*** Extracted material ***

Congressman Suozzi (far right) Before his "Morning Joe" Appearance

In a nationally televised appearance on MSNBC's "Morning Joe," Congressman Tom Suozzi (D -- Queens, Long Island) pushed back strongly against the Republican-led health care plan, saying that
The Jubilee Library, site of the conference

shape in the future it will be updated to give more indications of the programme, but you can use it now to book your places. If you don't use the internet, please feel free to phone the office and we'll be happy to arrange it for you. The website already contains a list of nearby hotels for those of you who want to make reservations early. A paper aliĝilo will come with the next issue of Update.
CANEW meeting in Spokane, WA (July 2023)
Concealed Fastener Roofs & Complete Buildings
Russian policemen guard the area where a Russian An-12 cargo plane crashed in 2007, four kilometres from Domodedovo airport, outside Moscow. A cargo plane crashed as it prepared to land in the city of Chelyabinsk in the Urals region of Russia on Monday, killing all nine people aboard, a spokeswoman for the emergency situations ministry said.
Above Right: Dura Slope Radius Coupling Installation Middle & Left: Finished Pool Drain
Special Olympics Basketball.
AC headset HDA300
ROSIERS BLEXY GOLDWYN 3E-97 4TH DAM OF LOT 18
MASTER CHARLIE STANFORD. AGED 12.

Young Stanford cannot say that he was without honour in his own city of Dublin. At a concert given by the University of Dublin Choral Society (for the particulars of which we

*** End of Extracted material ***
*** Extracted material ***

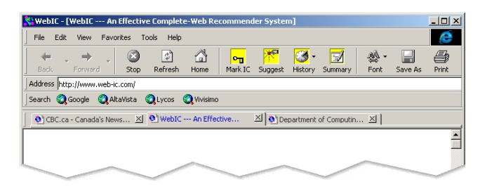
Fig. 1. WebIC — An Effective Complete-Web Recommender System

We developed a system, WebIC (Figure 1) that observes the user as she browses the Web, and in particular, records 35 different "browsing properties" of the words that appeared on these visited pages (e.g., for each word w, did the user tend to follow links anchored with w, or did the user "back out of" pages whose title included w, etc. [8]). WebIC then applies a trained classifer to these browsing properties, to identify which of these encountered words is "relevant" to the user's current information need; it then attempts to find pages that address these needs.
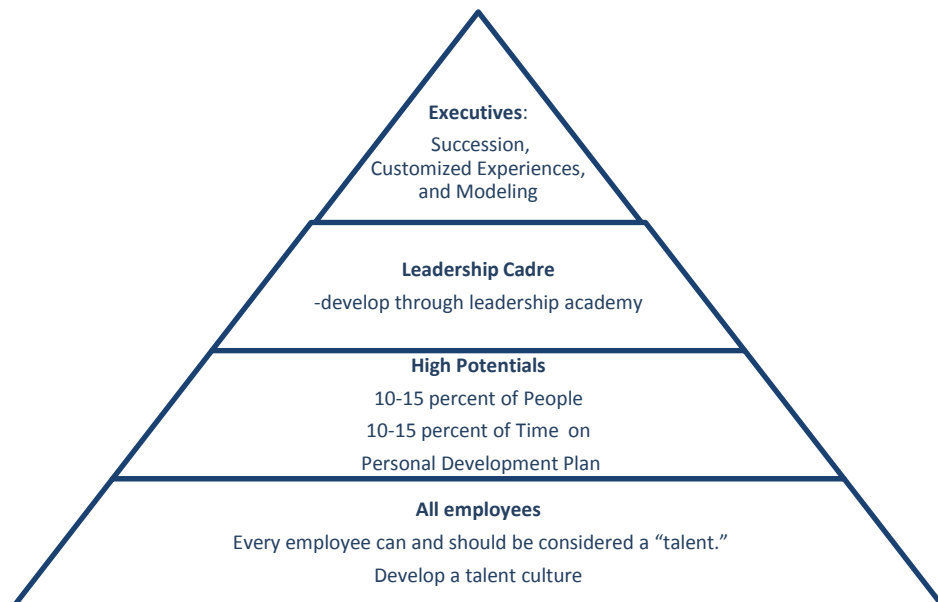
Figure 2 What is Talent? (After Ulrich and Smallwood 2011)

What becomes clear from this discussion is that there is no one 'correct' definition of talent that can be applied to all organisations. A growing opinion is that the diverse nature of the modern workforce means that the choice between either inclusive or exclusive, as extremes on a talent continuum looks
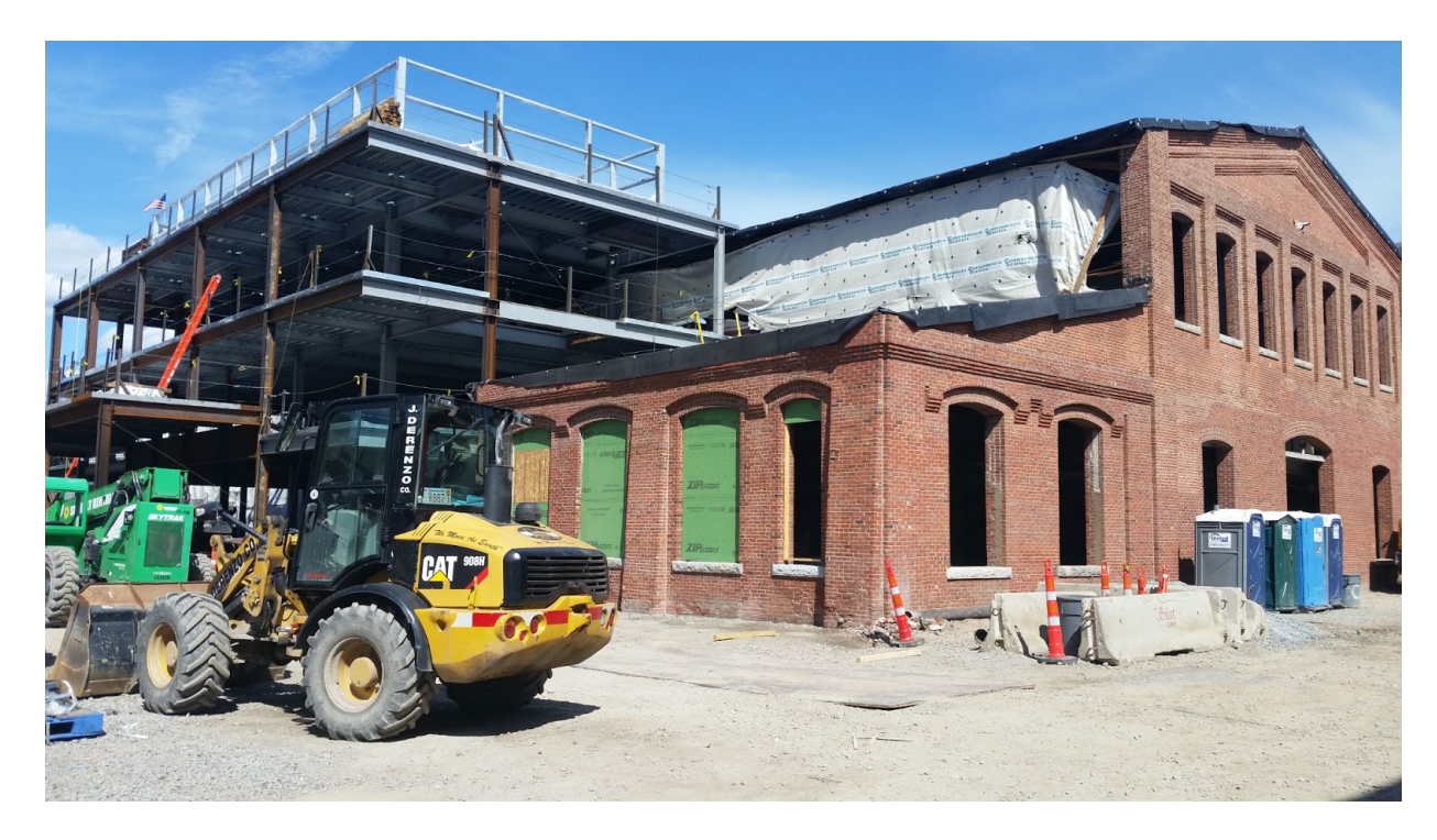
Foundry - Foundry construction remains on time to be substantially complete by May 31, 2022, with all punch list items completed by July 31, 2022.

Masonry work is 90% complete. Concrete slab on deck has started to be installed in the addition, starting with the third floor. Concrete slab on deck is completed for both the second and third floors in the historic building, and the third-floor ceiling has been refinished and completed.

*** End of Extracted material ***

§ Exercise brief: If a line in the entries contains the word "Congressman", copy that line out.

§ Result of this task:
Congressman Suozzi (far right) Before his "Morning Joe" Appearance
In a nationally televised appearance on MSNBC's "Morning Joe," Congressman Tom Suozzi (D -- Queens, Long Island) pushed back strongly against the Republican-led health care plan, saying that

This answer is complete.